Who is using video resumes?

According to one study, 60% of recruiters are using video resumes already. And a further 22% plan to use them in the future. The COVID-19 pandemic prompted many recruiters to make this shift, but many have decided they will keep this practice long after lockdown restrictions are eased.

According to another study, 89% of employers surveyed said they would watch a video resume submitted to them. Employers in more creative fields are more likely to accept video resumes, but we may see this practice expand through other industries.

Are Video Resumes The Way Forward CMD Recruitment

What are the advantages of video resumes?

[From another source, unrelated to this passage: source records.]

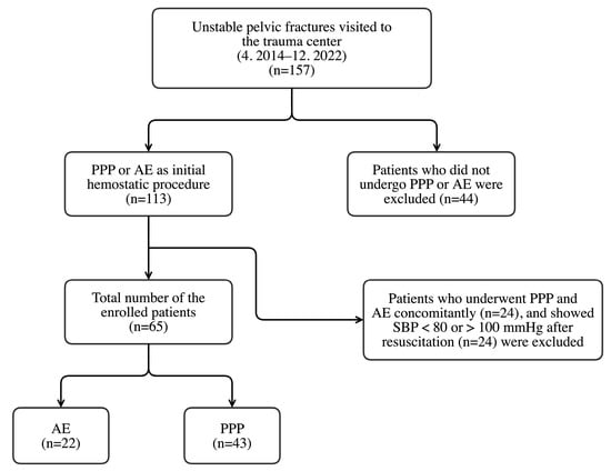 This retrospective study was approved by the institutional review board of Wonju Severance Christian Hospital (IRB no. CR 321179). Medical data of trauma patients were collected from the Korean Trauma Data Bank from 1 April 2014 to 31 December 2022. The data were collected prospectively and analyzed retrospectively. Informed consent was waived because the data were analyzed anonymously. Patients were included in the study if they: (1) visited our trauma center owing to a hemodynamically unstable pelvic fracture (systolic blood pressure [SBP] < 80 mmHg); (2) were aged ≥ 18 years; and (3) agreed to the collection and use of their medical information. Hypotension at initial presentation was defined as SBP < 80 mmHg at the initial emergency department (ED) visit, based on our treatment experience for hemodynamically unstable patients with pelvic fractures. The exclusion criteria were as follows: (1) resuscitation without an initial hemostatic procedure, (2) concomitant PPP and AE, and (3) SBP <80 or >100 mmHg after resuscitation. Based on these criteria, 65 patients were enrolled in this study. The enrollment process for patients with trauma is summarized in Figure 1.
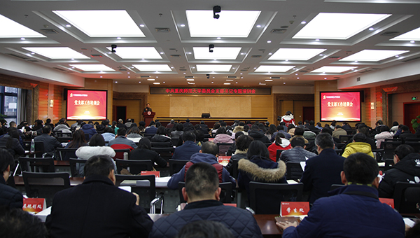 2018年12月25日下午,我校在博雅樓504會議室舉辦黨支部書記專題培訓。全校二級黨組織書記、副書記、支部書記以及教學單位黨組織組織員共計230余人參加培訓,黨委組織部部長趙駿主持培訓會。
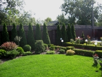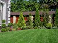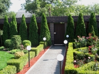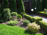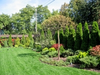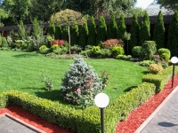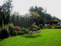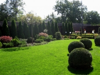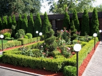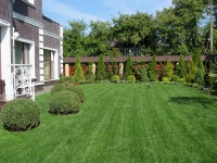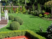 Благодаря тщательному уходу садовника, проводятся регулярные процедуры по стрижке, подкормке и обработке растений и газона. Как следствие - сад выглядит презентабельно, нарядно и ухоженно.
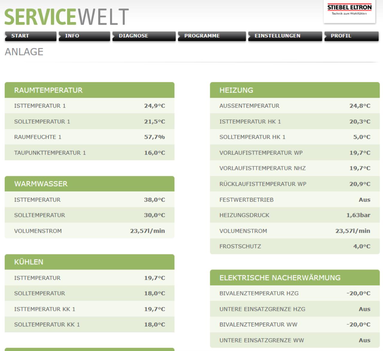 Hallo Zusammen Bei meiner neuen WP WP [Wärmepumpe] funktioniert der Zugang zur "grünen" Servicewelt über die IP problemlos. Auch kann ich die mystiebel App nutzen. Im ISG sehe ich keine Fehlermeldung und der Portalschlüssel ist vorhanden. Nun hat mit dre Installateur gesagt dass die Oberfläche www.servicewelt.stiebel-eltorn.de eine bessere Ansicht bietet als die lokale Servicewelt. Dort kann ich mich aber nicht einloggen, habe es mit dem Login der mystiebel App versucht. Wenn ich auf Anmeldedaten zurücksetzen gehe kann ich MAC Adresse und den Account überprüfen - da meldet es dass kein eVerbindung besteht. Weiss jemand wie ich das in Gang kriege? Wie kann ich mich mit dieser Online Servicewelt verbinden? Grüsse aus der Schweiz |
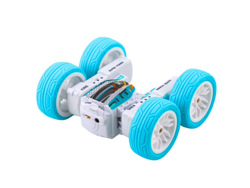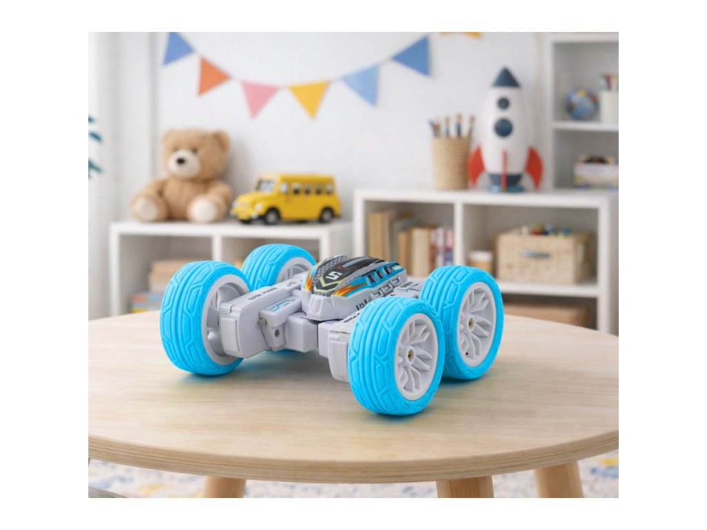 Pevná konštrukcia z vysoko kvalitných materiálov zaručuje odolnosť voči nárazom a intenzívnemu používaniu pri každodennom hraní. Auto je určené na akrobatickú jazdu a ponúka možnosť vykonávať efektné otočky o 360 stupňov, jazdu v oboch smeroch a pohyb v rôznych smeroch. Gumové pneumatiky zaručujú dobrú priľnavosť k povrchu, čo zvyšuje kontrolu nad vozidlom aj pri dynamických manévroch.

  • Video resumes are ideal for roles that require strong communication skills. It’s difficult to fake a confident demeanour, so this type of CV is ideal if the role calls for good communication.
  • There is less chance of an unqualified candidate slipping through the net by lying. If they aren’t really passionate about their field of work or about working for a particular company, there’s little chance they will be able to “fake” it.
  • They can help employers to identify candidates that will be a good culture fit for the company. Resumes can be dry and one-dimensional, but a video resume is an opportunity to shine.
  • Video resumes allow you to get an idea of someone’s passion for their work. If a person can’t talk confidently about why they want to work for your company, you might wonder if they really want to be there.
  • They offer a lot of room for creativity, which is ideal if you’re in a creative industry. Just as we saw the rise of the creative written CV, we will also see the rise of the creative video CV.
  • Video CVs may help to shorten the hiring process by skipping the need for first-round interviews. The first round of interviews will typically allow the hiring team to meet the candidates and get a first impression. But a video resume can help you to skip this step.

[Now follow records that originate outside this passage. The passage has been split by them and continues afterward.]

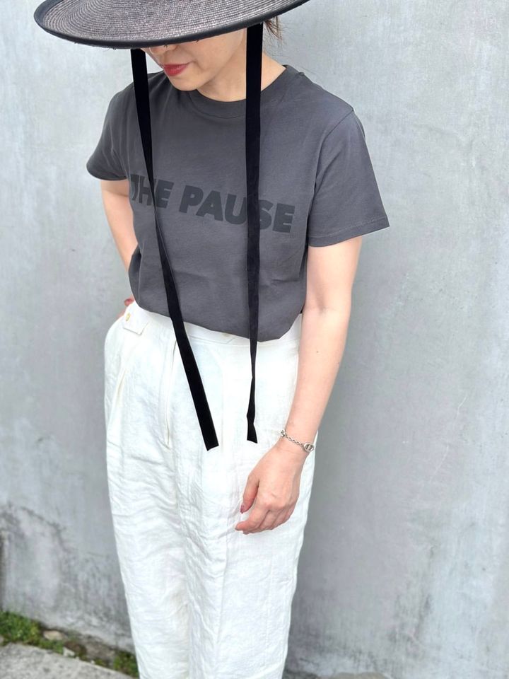 「上半身がすっきり見えるシルエット。ブランド名の〈THE PAUSE〉のさり気ないロゴがポイントになりつつ、スタイリングに程よくヌケ感をプラスしてくれます。大人こそTシャツにこだわりたい、そんな方におすすめのアイテムです」Tシャツ¥7,150(ザ ポーズ/ウィム ガゼット青山店)
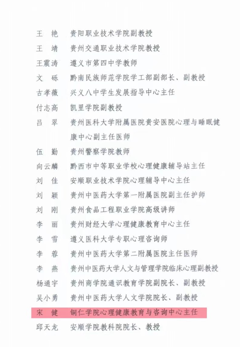 近日,贵州省委教育工委、贵州省教育厅发布《关于成立贵州省学生心理健康教育专家指导委员会的通知》,世界杯官网宋健等三位教师当选为贵州省学生心理健康教育专家指导委员会委员。
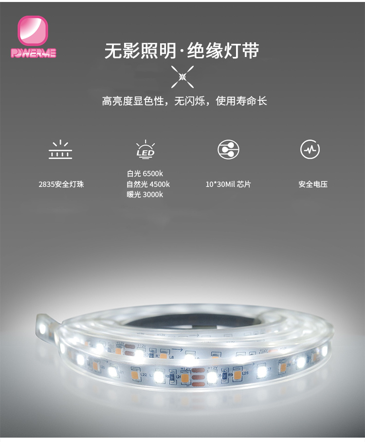 3.卓越的燈光,磨砂寬度為50mm,出光均勻,2835LED燈條,10*30Mil的芯片,超長使用壽命約40000小時節能

What are the disadvantages of video resumes?

  • Video resumes open the door to more subtle discrimination. Individuals may not be aware of their biases, but they may subtly favour candidates who look like them. A video resume reveals information that you could not get from a paper resume, so relying on this for recruitment could damage diversity within a company. It also opens the door to more employment tribunal claims.
  • Video resumes may also favour extroverts over introverts. Not everyone is a natural on camera, and unless the job requires the individual to be good at this skill, there is little sense in assessing it.
  • There is also the risk that good candidates will be put off by the process and avoid applying. The best teams have a mix of personalities, but only hiring through video resumes risks building a team with the same type of person. If you decide to accept video resumes, it’s also worth accepting traditional resumes at the same time.
  • While most people have access to a smartphone capable of recording video, requiring a video resume for a role could be discriminatory. Instead of putting up barriers, recruitment should ideally be tearing them down.

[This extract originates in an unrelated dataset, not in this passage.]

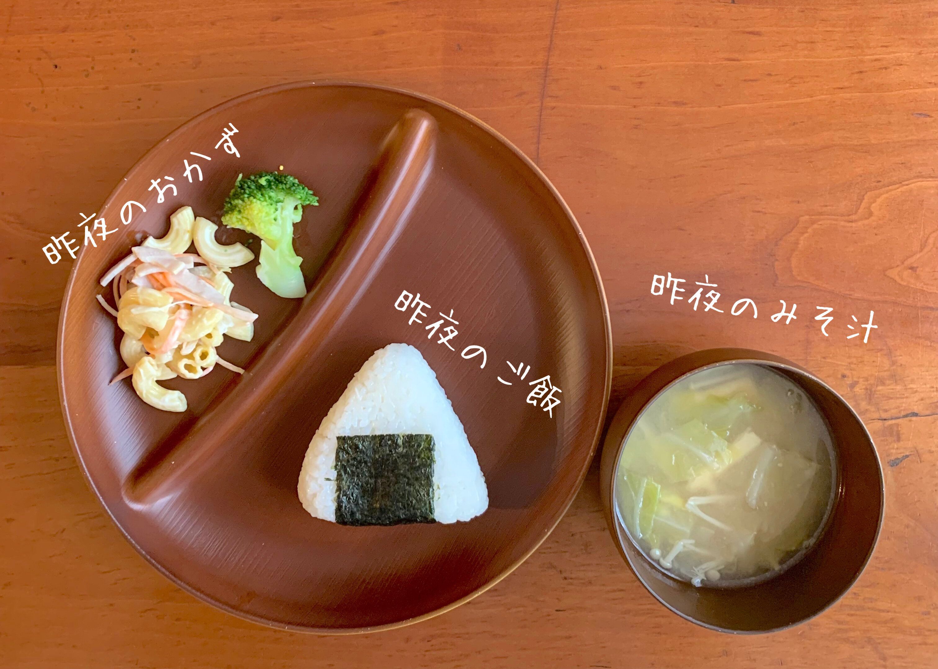 例えば、上の写真の朝食は、前日の夕食のみそ汁とおかず、そして余ったご飯に適当に具を入れたおにぎりです。夜のうちにおにぎりを作っておけば、朝はみそ汁やおかずと一緒に温めるだけで、すぐに朝食を用意できます。

Should my company use video resumes?

It’s important to consider the pros and cons of video resumes before moving forward. If introducing video resumes, it’s a good idea to give candidates a choice. Unless you are hiring for a creative role that might include time behind a camera, then you can afford to give candidates the option.

When reviewing video resumes, you also have to give candidates the benefit of the doubt. Just as you expect candidates to be nervous in an interview setting, recording a video can also be very daunting for some. Therefore, unless being confident on camera is a part of the role, be prepared to be generous in your assessment.

You should also consider how you will manage any potential discrimination that may arise from this resume format. For example, how will you ensure selecting video resume candidates does not lead to unconscious bias? One potential way to do this would be to shortlist candidates based on audio alone.

And finally, you should also consider potential security concerns. For example, accepting large video file submissions from unknown individuals could present a security threat. Again, using a well-known platform such as YouTube could help you to avoid this risk.